Başkan Çerçioğlu: Aydın Büyükşehir Belediyesi üreticimizin tarlada kalan ürününe her zaman alıcıdır.
Çiftçinin desteklenmesi ve daha fazla üretmeye teşvik edilmesi gerektiğini belirten Aydın Büyükşehir Belediyesi Başkanı Özlem Çerçioğlu, “Vatandaşlarımızın sağlıklı ve ekonomik gıdaya ulaşması için çiftçimizin üretmesi gerekiyor. Ancak girdi maliyetleri artıyor ve alım gücü düşüyor. Hem çiftçi mağdur hem vatandaşlarımız. Buna bir an önce çare olunmalıdır. Biz daima çiftçimizin yanındayız. Aydın Büyükşehir Belediyesi üreticimizin tarlada kalan ürününe her zaman alıcıdır.” şeklinde konuştu.
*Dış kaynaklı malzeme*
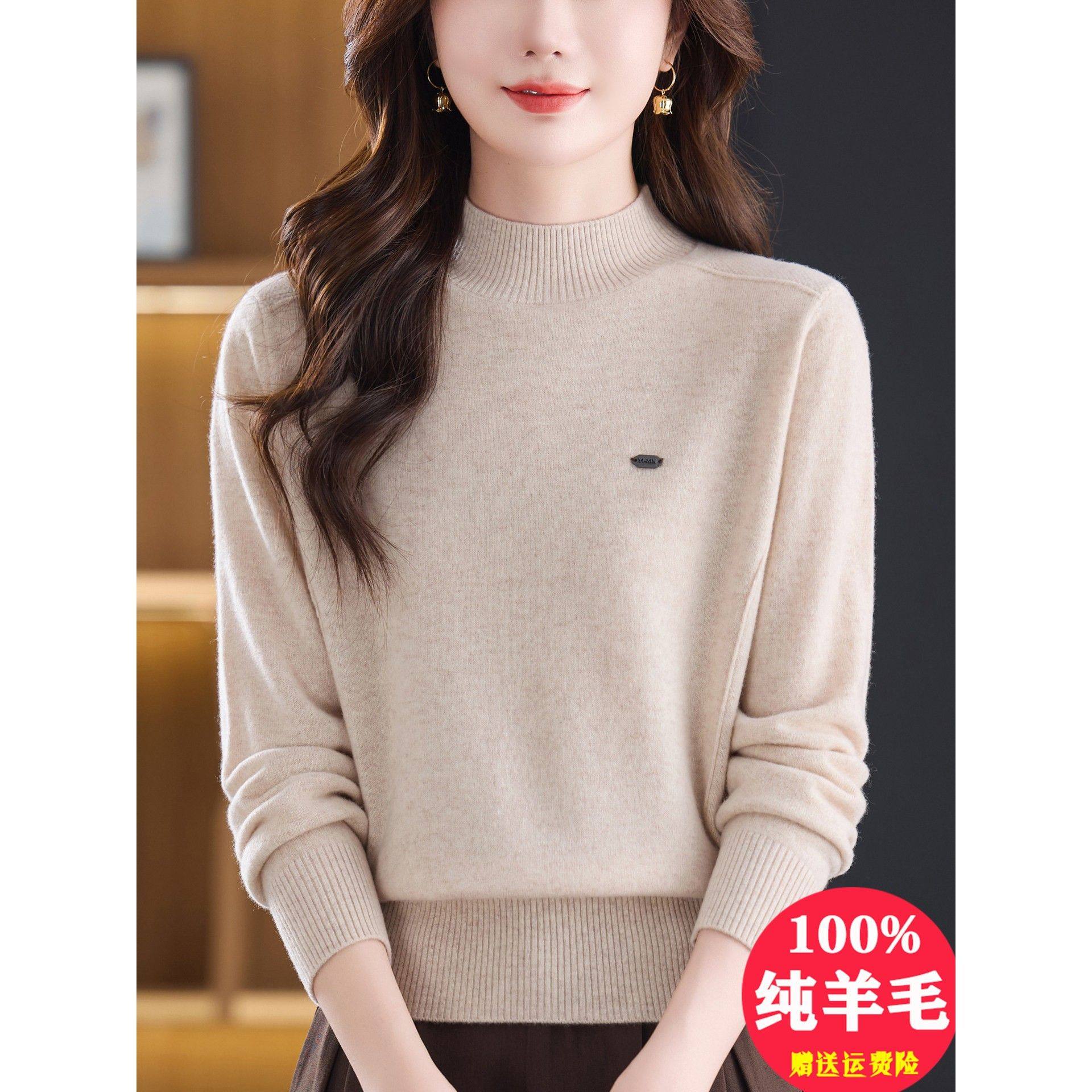 高档灰色纯羊毛衫女套头半高领毛衣秋冬妈妈宽松内搭针织打底上衣
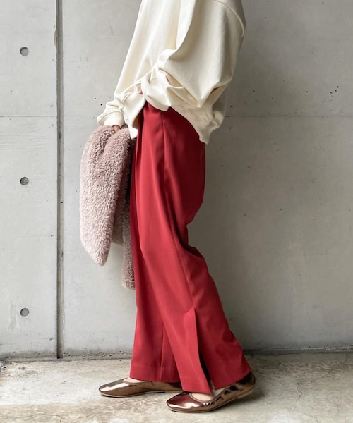 ■2021 AUTUMN & WINTER ITEM■頼れる万能パンツ!センタープレスを施した、きちんと感のあるシルエット。抜け感を与えるポイントとして、裾のサイドにスリットをプラスしました。ウエスト部分はボタンレスのフラットなデザインの為、トップスをインした際もすっきり見え抜群。また、バックはゴム仕様なのでイージーな履き心地で楽々ですよ!シンプルなデザインでトップスを選ばず合わせやすく、簡単にコーディネートを格上げしてくれる1本です!- POINT -・センタープレスの効いた美脚シルエット・きちんと感のあるシルエット・バックゴム仕様--------------------------------洗濯:手洗い可能透け感: なし裏地:なし伸縮性: ややあり光沢感: なし--------------------------------【 ♡ をクリックでお得な情報をお知らせいたします 】〈 商品のお気に入り登録 〉 お気に入りアイテムのお値下げ・再入荷・在庫ラスト1点など通知を受けることができます。〈 ブランドのお気に入り登録 〉DOUDOUの新商品や再入荷、セール、クーポン配布などお得な情報を受けることができます。--------------------------------------※ 掲載画像の商品の色味は、 撮影場所や光の当たり具合などにより色味が異なって見える場合がございます。 また、お客様のお使いのPC・スマートフォン等のモニター環境などにより色味が異なって見える場合がございます。予めご了承の上ご注文ください。 ※着用、お取り扱いの際は、商品についている品質表示とアテンションタグを必ずご確認下さい。

“Topuklu Efemiz bir başka”
Büyükşehir Belediyesi’nin önceki yıllarda zorda kalan çiftçiden yaptığı destek alımlarını duyduklarını ve Topuklu Efe’nin kendilerini de geri çevirmeyeceğine inanarak başvuru yaptıklarını belirten marul üreticiliği yapan çiftçi Gülcan Altıner, “Daha önceki yıllarda Özlem Hanımın portakal ve patates üreticilerinin zorlandığı yerlerde yardımcı olduğunu duymuştum. Eşimle konuştuk, söylesek bize de yardımcı olur mu diye. Sonra Büyükşehir’i aradık, onlarda bir çalışma yaptılar ve tabi ki dediler. Bu mahsulümüz tarlada kalsaydı tamamen zarardaydık. Özlem Hanıma gerçekten çok teşekkür ediyorum. İlettiğimde geri dönüşün olumlu olacağına inanıyordum. Defalarca çiftçiye yardımcı olduğunu duyduk. Bunları da ihtiyaç sahiplerine dağıtıyormuş o ayrı bir güzellik, sayesinde biz de buna vesile olduk. Her zaman halkın yanında çiftçinin yanında olduğunu bilmek gerçekte çok güzel, Özlem Çerçioğlu’na teşekkür ederim, Topuklu Efemiz bir başka” dedi.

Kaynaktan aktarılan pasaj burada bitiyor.